Objective: To identify and examine factors extraneous to the design decision-making process that could impede the optimization of flexibility on inpatient units.
Background: A 2006 empirical study to identify domains of design decisions that affect flexibility on inpatient units found some indication in the context of the acuity-adaptable operational model that factors extraneous to the design process could have negatively influenced the successful implementation of the model. This raised questions regarding extraneous factors that might influence the successful optimization of flexibility.
Method: An exploratory, qualitative method was adopted to examine the question. Stakeholders from five recently built acute care inpatient units participated in the study, which involved three types of data collection: (1) verbal protocol data from a gaming session; (2) in-depth semi-structured interviews; and (3) shadowing frontline personnel. Data collection was conducted between June 2009 and November 2010.
Results: The study revealed at least nine factors extraneous to the design process that have the potential to hinder the optimization of flexibility in four domains: (1) systemic; (2) cultural; (3) human; and (4) financial.
Conclusions: Flexibility is critical to hospital operations in the new healthcare climate, where cost reduction constitutes a vital target. From this perspective, flexibility and efficiency strategies can be influenced by (1) return on investment, (2) communication, (3) culture change, and (4) problem definition. Extraneous factors identified in this study could also affect flexibility in other care settings; therefore, these findings may be viewed from the overall context of hospital design.

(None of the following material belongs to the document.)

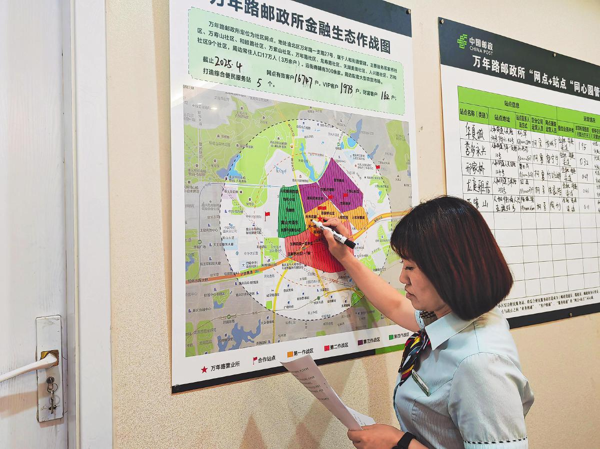 渝北區(qū)萬(wàn)年路郵政所負(fù)責(zé)人在“同心圓”管理看板上更新業(yè)績(jī)。

Key Words: Healthcare design, flexibility, evidence-based design
Preferred Citation: Pati, D., Evans, J., Harvey, Jr., T. E., & Bazuin, D. (2012). Extraneous factors impeding flexible inpatient unit design. Health Environments Research & Design Journal, 6(1), 83-104.

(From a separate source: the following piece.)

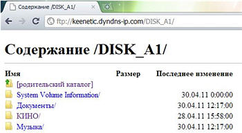 2. Подключение с помощью веб-браузера. В таком случае в адресной строке браузера необходимо вводить ftp://<имя домена или IP адрес>:<порт подключения>. Если используется стандартный номер FTP-порта (21), то его можно не вводить. Пример: ftp://keenetic.dyndns-ip.com/

Flexibility, traditionally considered an important attribute of healthcare design, will become even more crucial to the financial viability of healthcare organizations in the future because the central focus of future healthcare in the United States will be cost curtailment (The Advisory Board Company, 2011). Because the dialogue on cost reduction is occurring within the broader framework of the continuum of care, the emphasis on reducing the cost of providing care in acute care settings will accelerate.